[Recorded data]
┏━━
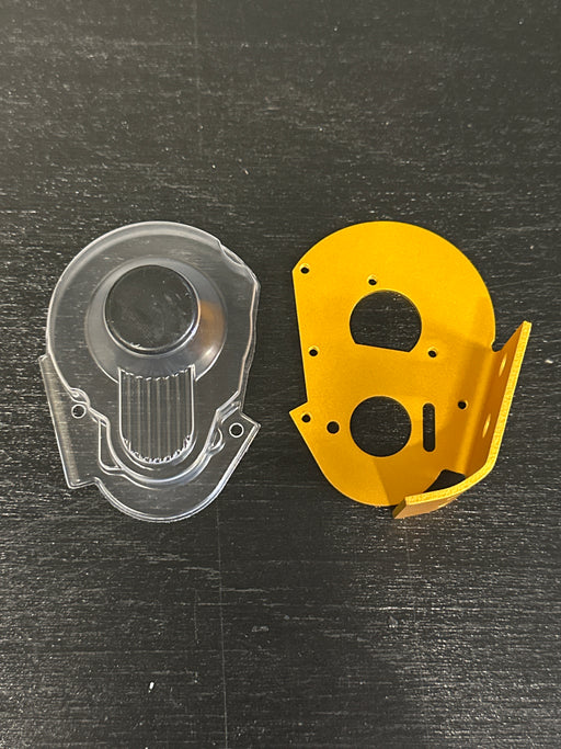 Team AssociatedGold motor plate for 6 gear transmission with gear cover and rubber plug This is new removed from ASC6008 Jay Halsey Rc10 kit.
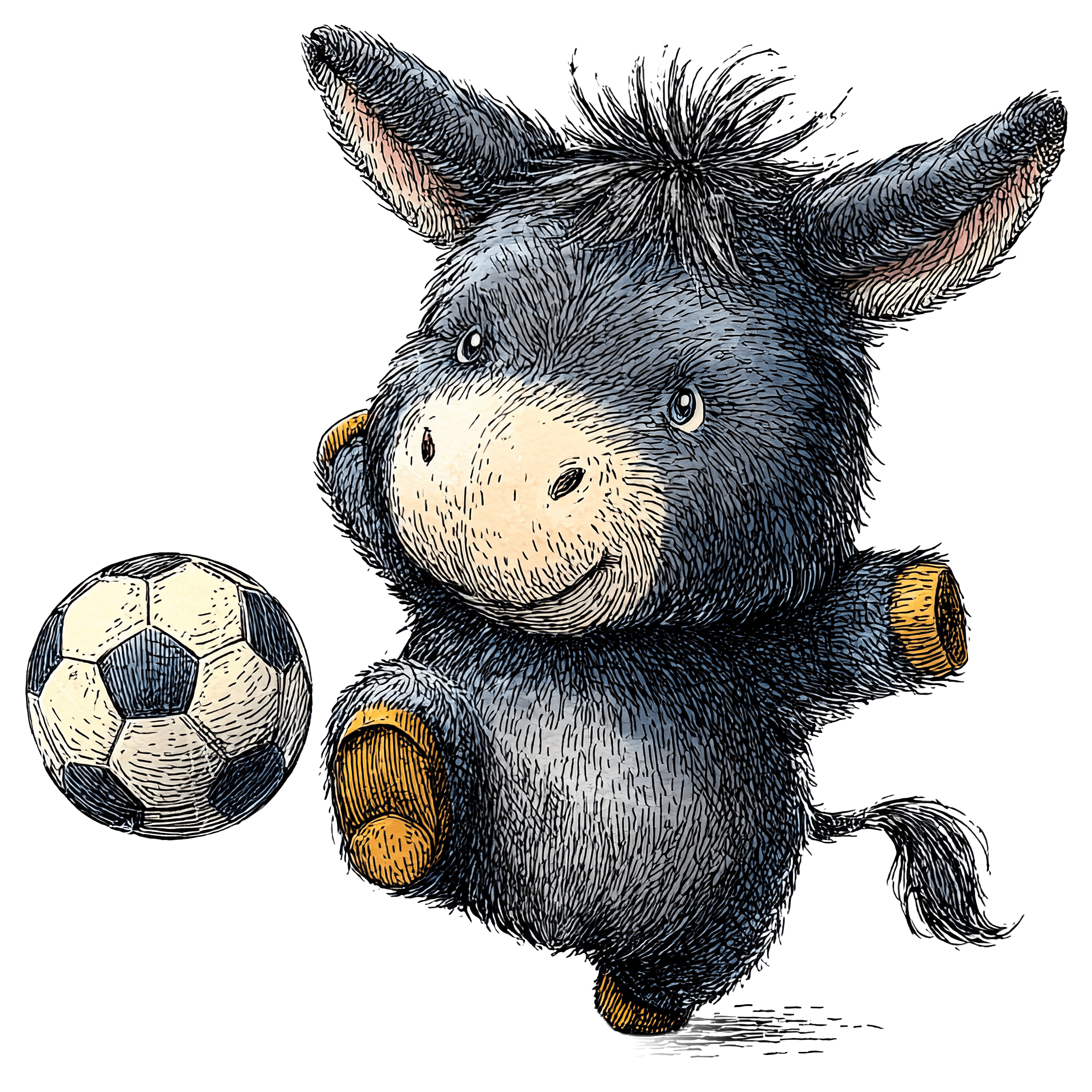 Image shows a cartoon donkey kicking a soccer ball. The donkey has dark gray and white fur and wears orange accents on its hooves. The soccer ball is detailed with black and white panels, showcasing a classic design. This illustration is styled in a hand-drawn, detailed manner, focusing on the playful interaction between the donkey and the ball.
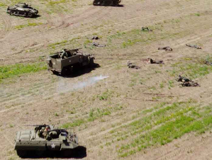 Overall view of battlefield and spectators showing armor and infantry assault, as seen from the L3 observation plane
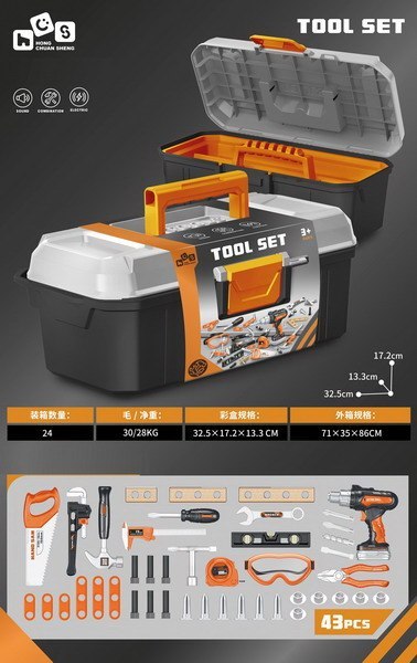 - skrzynka na narzędzia ok. 32 cm x 17 cm x 14 cm, - wiertarko-wkrętarka ok. 14,5 cm x 16 cm x 5 cm, - wymienne bity do wiertarki ok. 6,5 cm długości, - kombinerki ok. 15 cm x 5 cm x 1,5 cm, - okulary ochronne ok. 14 cm x 6,5 cm x 4 cm, - klucz oczkowo-płaski ok. 14 cm x 4 cm, - nasadka do śrubokręta ok. 8 cm x 3,5 cm, - wymienne bity do śrubokręta ok. 7,5 cm długości, - klucz do śrub ok. 11 cm x 9 cm, - młotek ok.17 cm x 8 cm, - suwmiarka ok. 17 cm x 4,5 cm, - metr ok. 5,5 cm x 6 cm, - piłka ręczna ok. 19,5 cm x 8 cm, - poziomica ok. 16,5 cm x 3,5 cm. |
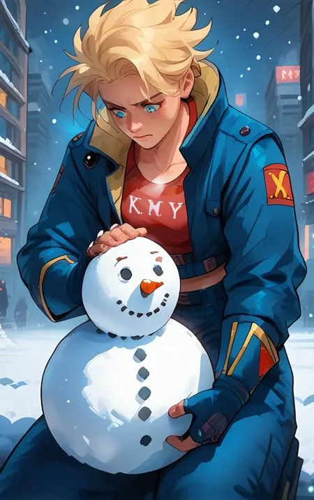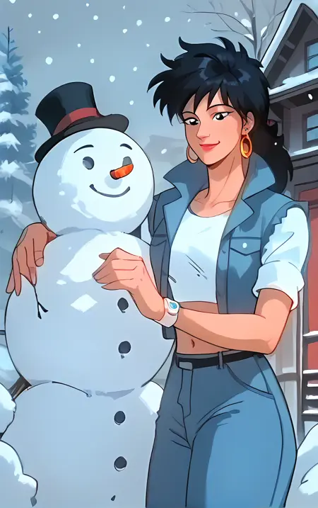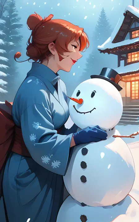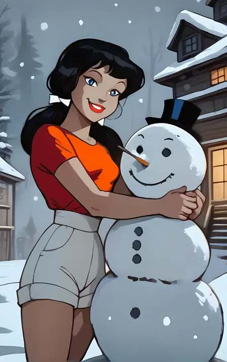 雪だるまを築く1人または複数のキャラクターを描きます。これは私の初めてのコンセプトLoRAの試みであり、やや不安定です。テストでは、強度0.8~1.0で比較的一貫した結果を得られましたが、その強度ではスタイルに影響が出始め、本当に良い構図を得るには数回試行する必要があるでしょう。
┗━━
Required work –
Although the records contain pictures, your copy should hold only the text, reproduced exactly.

Expected answer –
 Team AssociatedGold motor plate for 6 gear transmission with gear cover and rubber plug This is new removed from ASC6008 Jay Halsey Rc10 kit.
 Image shows a cartoon donkey kicking a soccer ball. The donkey has dark gray and white fur and wears orange accents on its hooves. The soccer ball is detailed with black and white panels, showcasing a classic design. This illustration is styled in a hand-drawn, detailed manner, focusing on the playful interaction between the donkey and the ball.
 Overall view of battlefield and spectators showing armor and infantry assault, as seen from the L3 observation plane
 - skrzynka na narzędzia ok. 32 cm x 17 cm x 14 cm, - wiertarko-wkrętarka ok. 14,5 cm x 16 cm x 5 cm, - wymienne bity do wiertarki ok. 6,5 cm długości, - kombinerki ok. 15 cm x 5 cm x 1,5 cm, - okulary ochronne ok. 14 cm x 6,5 cm x 4 cm, - klucz oczkowo-płaski ok. 14 cm x 4 cm, - nasadka do śrubokręta ok. 8 cm x 3,5 cm, - wymienne bity do śrubokręta ok. 7,5 cm długości, - klucz do śrub ok. 11 cm x 9 cm, - młotek ok.17 cm x 8 cm, - suwmiarka ok. 17 cm x 4,5 cm, - metr ok. 5,5 cm x 6 cm, - piłka ręczna ok. 19,5 cm x 8 cm, - poziomica ok. 16,5 cm x 3,5 cm. |
 雪だるまを築く1人または複数のキャラクターを描きます。これは私の初めてのコンセプトLoRAの試みであり、やや不安定です。テストでは、強度0.8~1.0で比較的一貫した結果を得られましたが、その強度ではスタイルに影響が出始め、本当に良い構図を得るには数回試行する必要があるでしょう。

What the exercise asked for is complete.